02. Lana Del Rey — Honeymoon
Honeymoon is an album about female sadness that’s not designed for the male gaze. From the moment “Video Games” hit, until the final, sauntering phrase of her cover of “Don’t Let Me Be Misunderstood,” the final track on this album, Del Rey has been just that. Because these songs aren’t for men, they’re for women. They’re about us, and how we feel and especially how we feel about men, but they still center the feminine perspective. It’s as if Lana is speaking to a male protagonist onscreen, but looking at all the women watching the movie out of the corner of her eye, letting them know who her performance is really for. Obviously, this technique has, and will continue to confound listener’s expectations; even women are used to filtering art back through the omnipresent made-of-money male eye. But whether we get it or not, Lana will continue to dizzy up our gender expectations and hew close to the dreamy 1950s aesthetic we so closely associate with establishing the way those modern day roles. “Music to Watch Boys to” is probably the closest she gets to stating her thesis outright: “I like you a lot,” she sings. Ladies, she’s talking to us. Turn the music up.
01. Grimes — Art Angels
“I’m not explicitly religious, but I think this album is about God,” Grimes told Rolling Stone in a recent, magnificent profile they ran on her prior to the realease of Art Angels. “I feel a lot more in touch with something scary and omnipotent,” she said.
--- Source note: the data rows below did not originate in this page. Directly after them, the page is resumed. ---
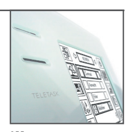
illus user manual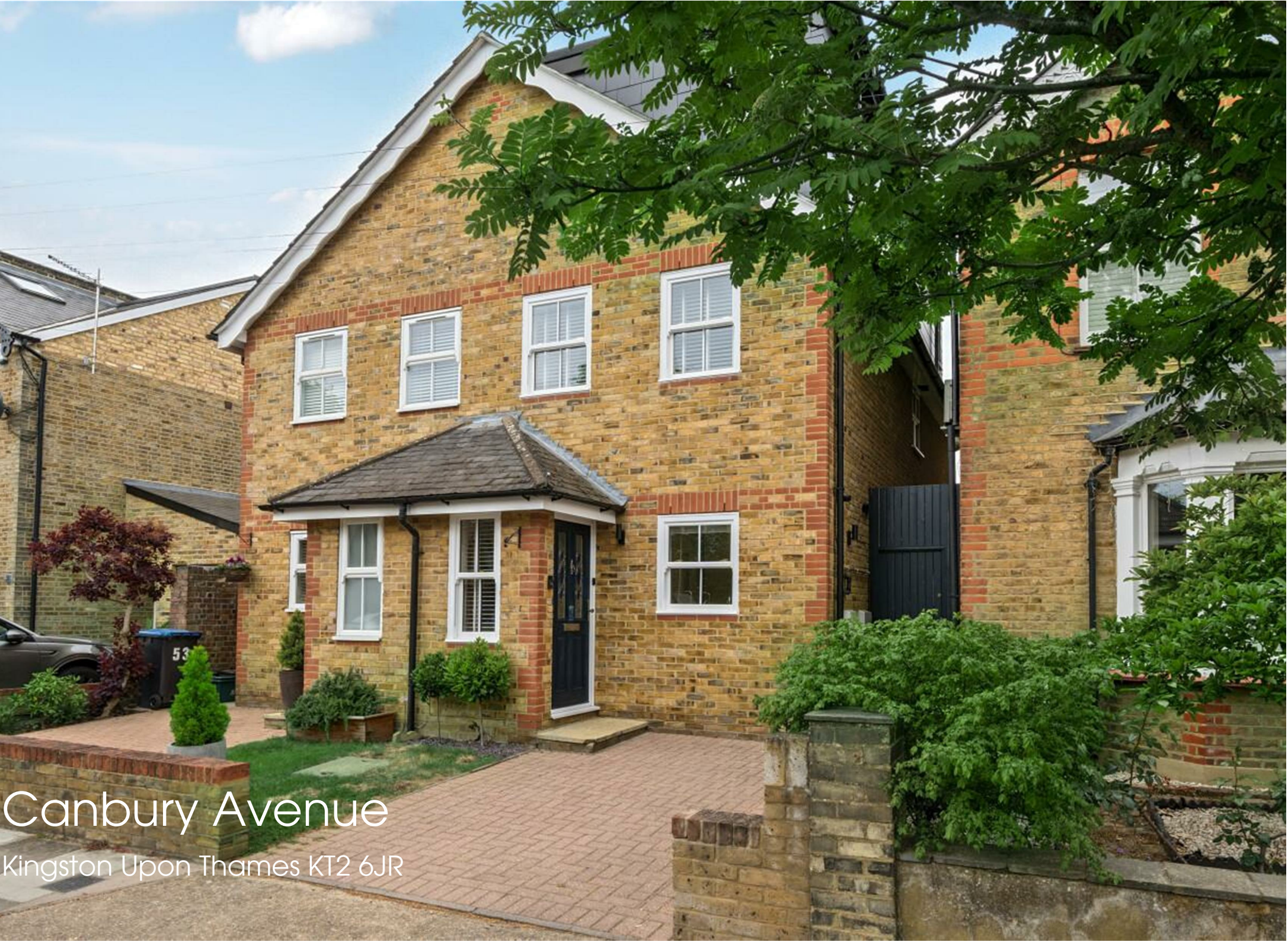
Canbury Avenue Kingston Upon Thames KT2 6JR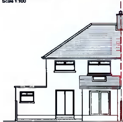
SURVEY REAR ELEVATION Scale 1:100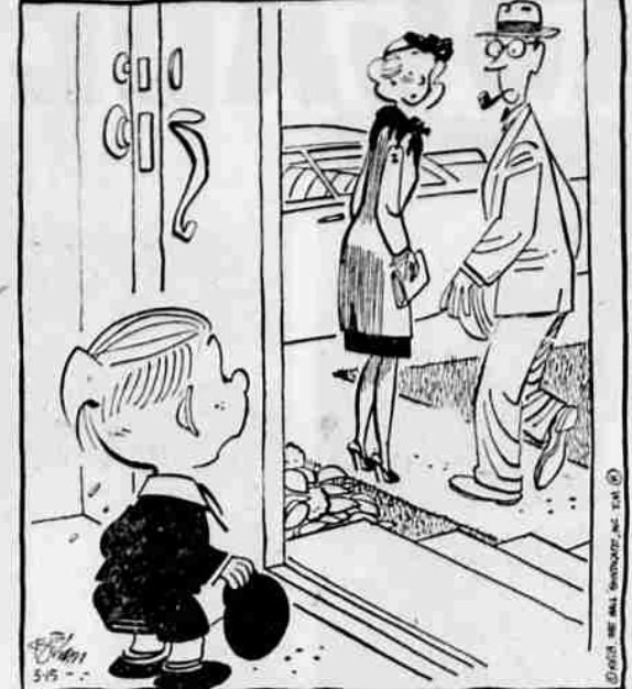
IS THE COAST CLEAR, DAD? I DON'T WANT ANY OF MY FRIENDS TO SEE ME LOOKIN' LIKE THIS!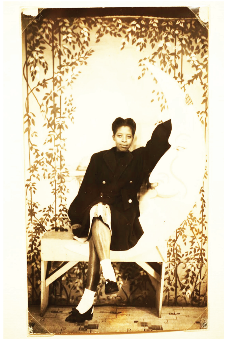
“African American girl on moon.” No location, ca. 1940s

4) Kidz Bop ( The New York Times Magazine )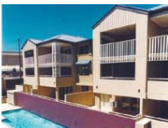
project Verandahs on Vincent suburb Indooroopilly units 34 (new) completion 2001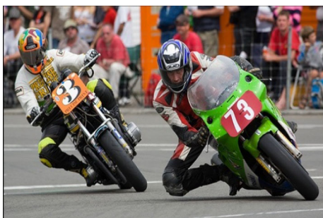
Fig. 1 Motorcycle racing image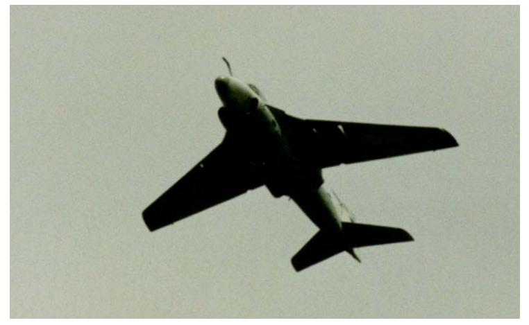
Our A-6E Intruder flies overhead on its final pass before landing for the last time at the Charles M. Schulz-Sonoma County Airport in 1994. We'll have a very similar event occur very soon... See the story on the front page.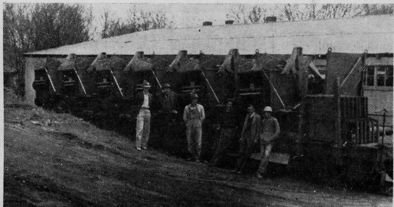
Carload of Allis-Chalmers Combines Delivered Last Week

Farmers of This Section Depend On Us For . . .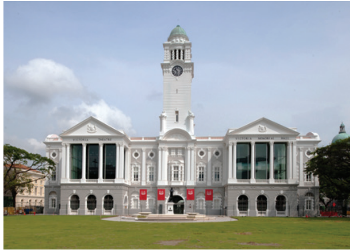
Victoria Theatre, Victoria Concert Hall and Clock Tower regained their prominence

Two monuments built at different times for distinct purposes, Victoria Theatre (circa 1862) and Victoria Concert Hall (circa 1905) have been elegantly rejuvenated with great skill and conceptual finesse. Taken together, restoration and improvements to the buildings have made these major cultural and architectural landmarks newly relevant and resplendent, adding to their aura of Neo-Classical grace and grandeur.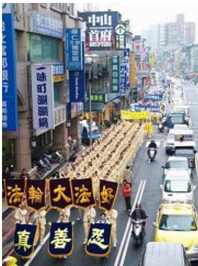
More than seven thousand people rallied at Panchiao Municipal Stadium, Taipei County and participate in grand march

(Clearwisdom.net) On December 2, 2006, several thousand Falun Gong practitioners from Taiwan, Japan, Korea, Hong Kong and Singapore held a rally at Panchiao Municipal Stadium and participated in a grand march. The theme of the march was to support 16 million Chinese people quitting the Chinese Communist Party (CCP) and its affiliated organizations and to expose the CCP's atrocities of organ removal from living Falun Gong practitioners for profit.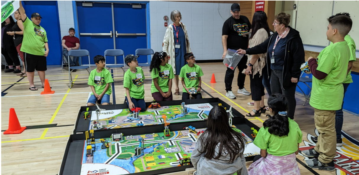
Student put their robots to work at the June 3rd Robotics competition.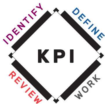
Figure 5 | Process of setting KPIS.

Source (Weaver, J. "What is a KPI Report & How do I create one?" KPI, November 7, 2018, https://www.clearpointstrategy.com/what-is-a-kpi-report-how-do-i-create-one . 2015.)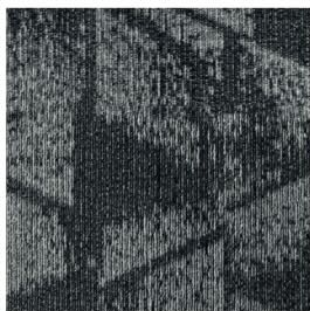
KN 01 Dark Grey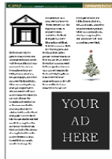
Square 4 7/8" w x 4 7/8" h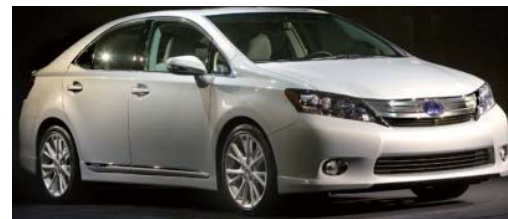
July, 2009 New model HS250h debut (First Lexus hybrid model)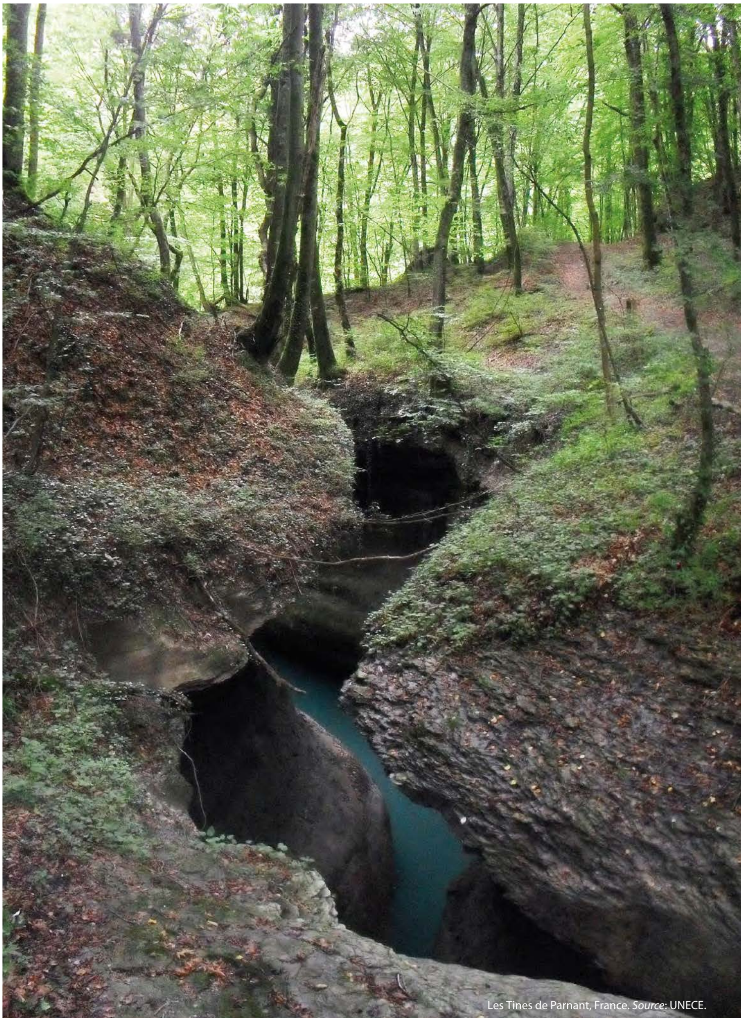
Les Tines de Parnant, France.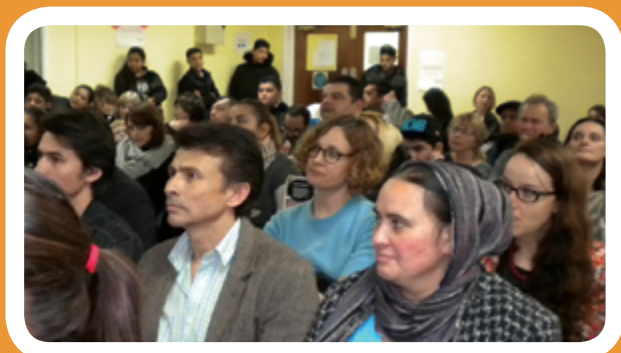
Community Training, 2014

Policy & Campaigning Project aims to improve the social inclusion of Roma refugees and migrants through their civic participation in decision making structures. The strength of this Project is in its community empowerment approach, as it gives Roma people a voice on matters that affect them on a local, national and European level.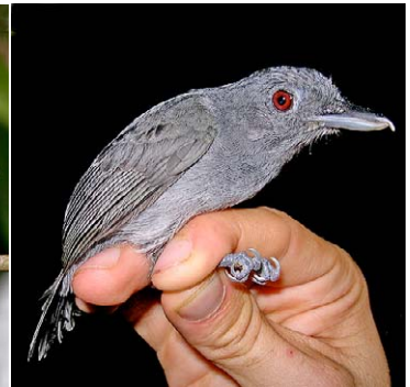
15 Thamnophilus schistaceus Ad ♂ DL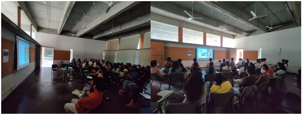
Highlights of the Session - 17th November 2021

SMEFs Brick School of Architecture organised a screening for the students on the first day (17th November 2021) of the students chapter of the Green building congress 2021. It was open to the alumni and current students in batches.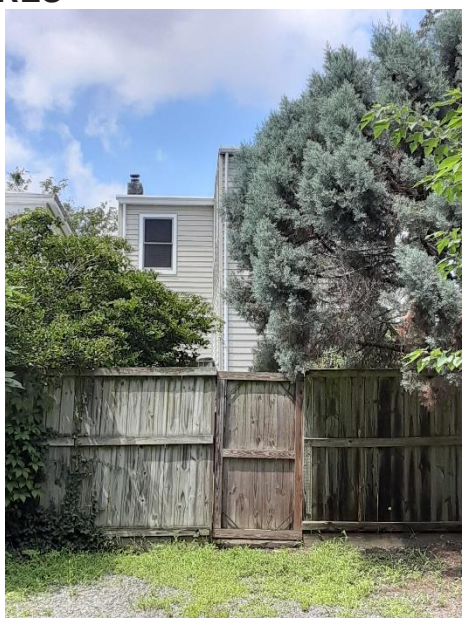
Figure 2. View of deck from the alley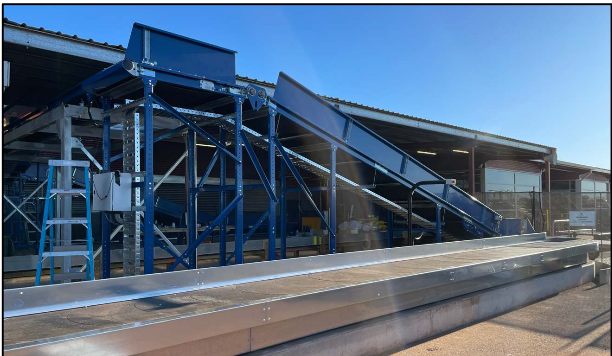
Baggage Carousel Installation Process

The new Baggage Makeup System has now been installed, commissioned and operational. The remaining works for the project is the extension of the roof. Once these works are completed there will be 360 degree access of the new belt system for the ground handlers making it easier for their ramp operation.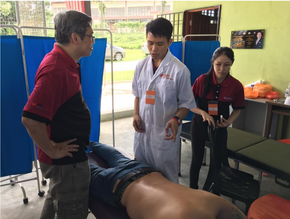
Having final year TCM acupuncture examination, demonstrating on how to accurately perform acupuncture for lower back pain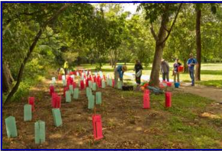
Stage 2 area planting at Bob Cassimaty Park

I shall be visiting Africa where the pressures of population and turmoil are far sharper than here in Australia, and perhaps can bring you back some comparisons that will provide us with lessons and challenges for action in our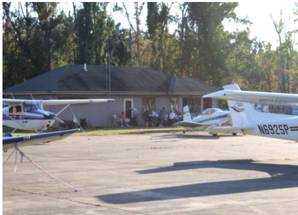
Central Command at KY Dam, the picnic table!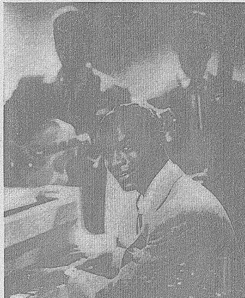
HIGHLIGHTING THE OPENING DAY ceremonies of the charity fund drive, will be King Cole and his famous recording trio. This newly instituted annual drive will replace various collections during the year.

An all-school assembly in the NU auditorium on Tuesday, April 19, will launch the first unified charity drive at Illinois Tech.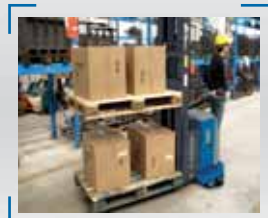
Handles two loads simultaneously, one on the forks and the second on the legs.

With a built-in leg lift, the DELTA TP is the perfect solution to handle loads in places where you need to pass over ramps, skids, small obstacles and floor irregularities.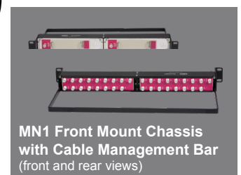
MN1 Front Mount Chassis with Cable Management Bar (front and rear views)

MAXNET® is a registered trademark of ATX in the United States and/or other countries. Products or features contained herein may be covered by one or more U.S. or foreign patents. Other non-ATX product and company names mentioned in this data sheet are the property of their respective companies.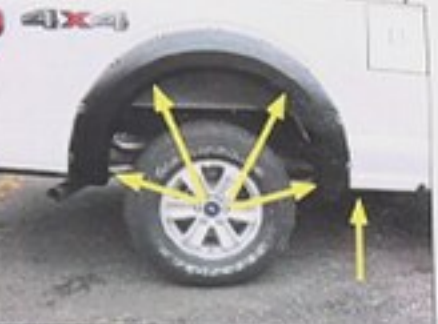
Hold flare to vehicle and mark five flare hole locations with a grease pencil.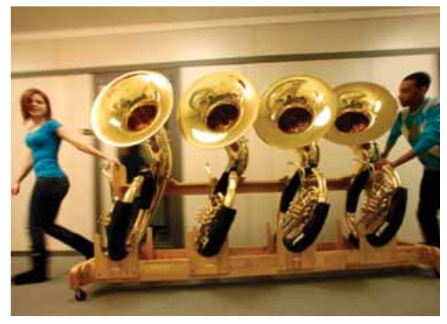
SOUSAPHONE MOBILE STORAGE RACKS

The timpani stay secure on the cart during transport and performance, instead of constantly being picked up and removed, and the cart pulls easily behind a golf cart. "When preparing for a festival, we just roll the Timpani Cart right up into the truck, strap it down and away we go," he notes.

Scary and omnipotent is absolutely how I would describe this album, a work of art so powerful it forced me to confront some failings within myself about past judgements of the multi-talented Canadian musician. Maybe I was able to do this kind of soul-searching because of the valiant way Grimes reexamines herself here. “I get carried away commodifying all the pain,” she sings on banjo-pop banger “California,” quick-pivoting from critique to self-love a few songs later: “Easily, I’m the sweetest damn thing you ever saw.” She’s not wrong, either time, and it’s the ability to see herself so clearly that informs Art Angels. Self-knowledge empowers the subject to examine the outside world with renewed fierceness, so we get her skewering male apathy toward the current state of masculinity on “Kill V Maim,” the lagoon-psych champagne headiness of living in her world on “Realiti,” or the Moulin Rouge gone rogue EDM-swagger of “Venus Fly.” On the best song here, “Belly Of The Beat,” she muses, “I’ve been thinking, I could leave the world today.” So before she does, she’s stretched herself as close to God as she can get. I imagine Art Angels to be her very own Creation Of Adam. Like Michelangelo’s version, there’s more packed into the remaining space between woman and God than in the potential that they’ll one day touch.